The parties here stand in the same relation as that in which they stood below. Upon demurrer to the petition sustained, the court, of common pleas rendered a judgment for the defendant below. The action was brought under Sections 4357 and 4358, Revised Statutes, to recover damages alleged to have been sustained by the plaintiff in consequence of the sale by the defendant of intoxicating liquors to her husband, whereby he was made drunk, and while in that condition inflicted the injuries complained of.
The point upon which the decision below turned was that the sales were not alleged to be unlawful: but it is urged here that the necessity of pleading and proving unlawfullness under the authority of Baker v.
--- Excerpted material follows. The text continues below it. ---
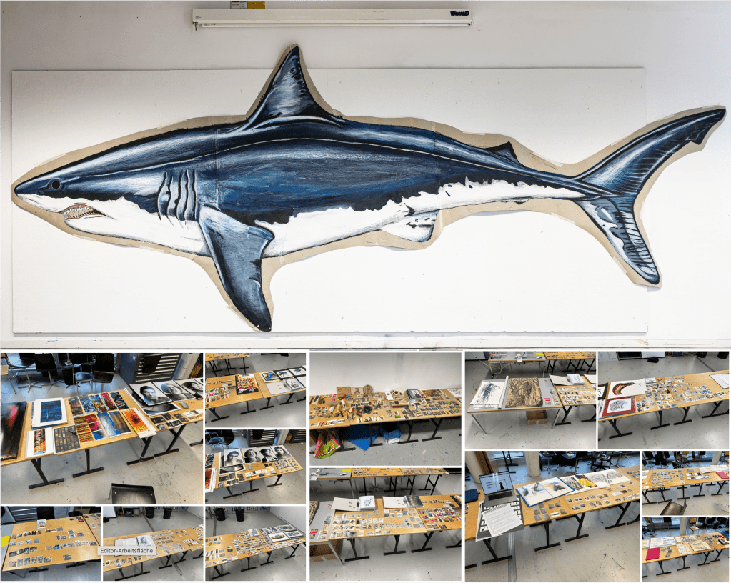 Januar 2024, ZHdK, Auslage „ALLER“ bisherigen Werke für Portfolio (die meisten als Kontaktabzug-Bilder)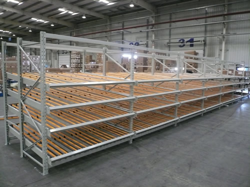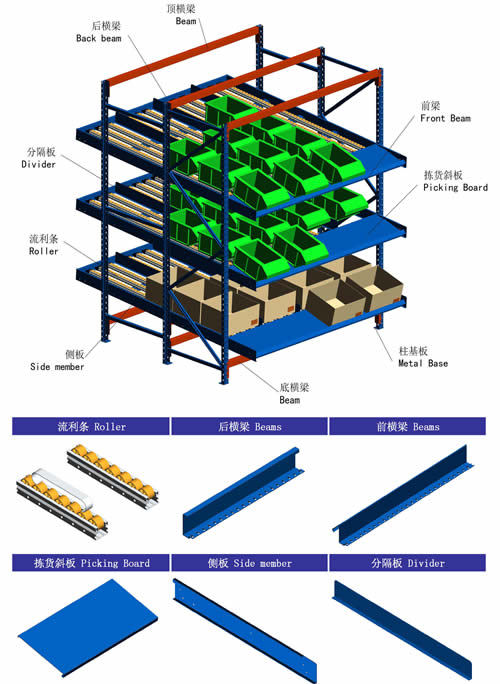 流利式貨架又稱(chēng)滑移式貨架,采用輥輪鋁合金,鈑金等流利條,利用貨物臺(tái)架的自重,從一邊通道存貨,另一邊通道取貨實(shí)現(xiàn)先進(jìn)先出,存儲(chǔ)方便,以及一次補(bǔ)貨多次取貨。流利架存儲(chǔ)效率高,適合大量貨物的短期存放和揀選。可配電子標(biāo)簽,實(shí)現(xiàn)貨物的輕松管理,常用滑動(dòng)容器有周轉(zhuǎn)箱,零件盒及紙箱,適合大量貨物和短期存放和揀選。適合大量貨物的短期存放和揀選。廣泛應(yīng)用于配送中心、裝配車(chē)間以及出貨頻率較高的倉(cāng)庫(kù)。

Beckwith, 28 O. S., 314, and Lyon v. Fleahman, 34 Ohio State, 151, is now obviated by the provisions subsequently incorporated into the law by 72 Ohio Laws, 35, and 93 Ohio Laws, 371, providing for notice.
The Supreme Court has not yet construed the requirement of notice in Section 4358, as bearing upon the alleged enlargement of the liability created by Section 4357, but it has passed upon the effect of the general notice in this behalf formerly required thereby and by Sections-4359 and 4360, Revised Statutes, now repealed, and has clearly intimated in Mullen v. Peak, 49 O. S., 447, 458-9, and Casey v. Bank, 50 O. S., 527, that those provisions as to notice did not obviate the necessity of pleading and proving the unlawfulness of the sales of liquor relied on to make out a ease of liability, under Section 4357. The opinion of the court in Kolling v. Bennett, 18 C. C., 425, implies that the same requirement is deemed to exist still under the present statute.
We feel bound by the construction which the Supreme Court has put upon Section 4357, and adhered to after -the element of notice was incorporated by the General Assembly into the law. The judgment is therefore affirmed.